Title: Intelligent Video Surveillance
Stan Z. Li
Institute of Automation, Chinese Academy of Sciences,PR China
Abstract: Intelligent Video Surveillance (IVS) incorporates image/video analysis and computer vision techniques into video surveillance and is becoming an important part of anti-crime and security surveillance systems. In this talk, I will describe key technologies inside IVS and important applications. The talk includes the following parts: basis IVS technologies object detection, tracking, and classification; high level vision analysis for behavior analysis or anomaly detection; latest progress on multi-camera object tracking; and IVS applications. Technologies and applications will be illustrated by numerous real video demos.
Stan Z. Li received his B.Eng from Hunan University, China, M.Eng from National University of Defense Technology, China, and PhD degree from Surrey University, UK. He is currently a professor and the director of Center for Biometrics and Security Research (CBSR), Institute of Automation, Chinese Academy of Sciences (CASIA). His research interest includes pattern recognition and machine learning, image and vision processing, face recognition, biometrics, and intelligent video surveillance. He has published over 200 papers in international journals and conferences, and authored and edited 8 books. He is currently an associate editor of IEEE Transactions on Pattern Analysis and Machine Intelligence and acted as the editor-in-chief for the Encyclopedia of Biometrics (Springer Reference Work, 2009). He was elevated to IEEE Fellow for his contributions to the fields of face recognition, pattern recognition and computer vision.
Title: Locally Adaptive Regression Kernels (LARK) for Visual Signal Processing and Recognition
Department of Electrical Engineering, University of California, Santa Cruz, USA
Abstract: I will present a non-parametric framework based on Locally Adaptive Regression Kernels (LARKs) which are visual descriptors that adapt to local characteristics of the given data, capturing both the spatial density of the data samples ("the geometry"), and the actual values of those samples ("the radiometry"). These descriptors are exceedingly robust in expressing the underlying structure of multidimensional signals even in the presence of significant noise, missing data, and other disturbances. As the framework does not rely upon strong assumptions about noise or signal models, it is applicable to a wide variety of problems. Of particular interest in two and three dimensions are state of the art denoising and upscaling of images and video, and novel applications in computer vision such as "visual search".

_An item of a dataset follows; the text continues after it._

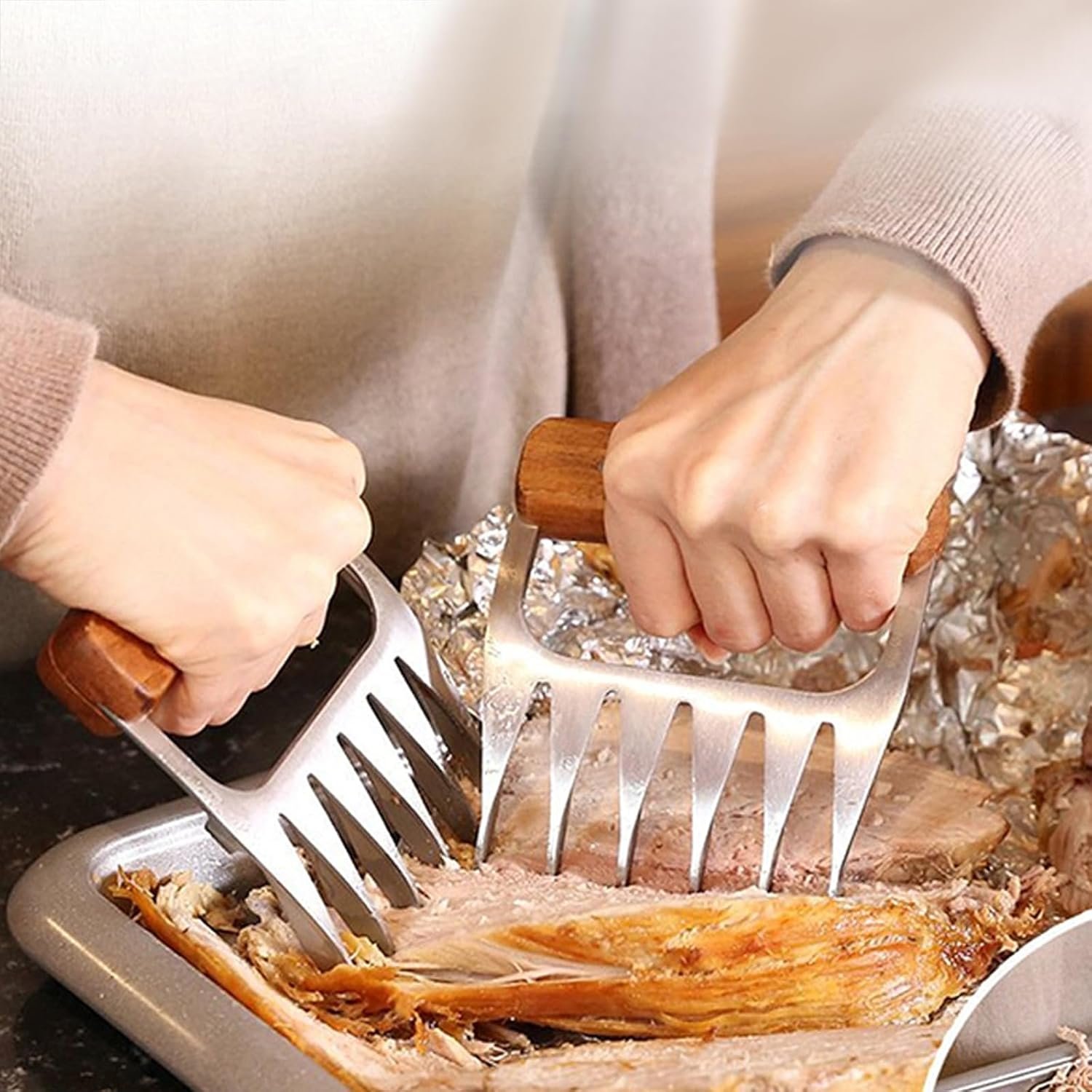 Be the first to review “Metal Meat Shredder Claws,Stainless Steel Meat Forks with Wooden Handle for Shredding, Pulling, Handing, Lifting & Serving Pork, Turkey, Chicken, Brisket”

Peyman Milanfar received a B.S. degree in Electrical Engineering/Mathematics from the University of California, Berkeley, and the Ph.D. degree in Electrical Engineering from the Massachusetts Institute of Technology. Prior to coming to UCSC, he was at SRI(formerly Stanford Research Institute) and a Consulting Professor of computer science at Stanford. He is a recipient of the Career Award from the US National Science Foundation. In 2005 he founded MotionDSP Inc. to bring state-of-art video enhancement technology to consumer and forensic markets. He has served as associate editor for IEEE Signal Processing Letters, Transactions on Image Processing, and Image and Vision Computing. He is a member of the Signal Processing Society's Image Video, and Multidimensional Signal Processing Technical Committee. Interests are in statistical signal, image and video processing, and computational vision. He is a Fellow of the IEEE.
Title: 3DTV and Realistic Broadcasting Services
Department of Information and Communications, Gwangju Institute of Science and Technology, Korea
Abstract: In recent years, various multimedia services have become available and the demand for three-dimensional television (3DTV) is growing rapidly. Since 3DTV is considered as the next generation broadcasting service that can deliver realistic and immersive experience by supporting user-friendly interactions, a number of advanced three-dimensional video technologies have been studied. In this talk, we are going to cover current research activities on 3DTV. After defining the basic requirements for realistic 3D broadcasting services, we will explain various multi-modal immersive media processing techniques.
Dr. Yo-Sung Ho received the B.S. and M.S. degrees in electronic engineering from Seoul National University, Seoul, Korea, in 1981 and 1983, respectively, and the Ph.D. degree in electrical and computer engineering from the University of California, Santa Barbara, in 1990. He joined ETRI (Electronics and Telecommunications Research Institute), Daejon, Korea, in 1983. From 1990 to 1993, he was with Philips Laboratories, Briarcliff Manor, New York, where he was involved in development of the Advanced Digital High-Definition Television (AD-HDTV) system. In 1993, he rejoined the technical staff of ETRI and was involved in development of the Korean DBS Digital Television and High-Definition Television systems. Since September 1995, he has been with Gwangju Institute of Science and Technology (GIST), where he is currently Professor of Information and Communications Department. Since August 2003, he has been Director of Realistic Broadcasting Research Center (RBRC) at GIST in Korea. He is presently serving as an Associate Editor of IEEE Transactions on Circuits and Systems for Video Technology (T-CSVT). His research interests include Digital Image and Video Coding, Three-dimensional Image Modeling and Representation, Advanced Source Coding Techniques, and Three-dimensional Television (3DTV).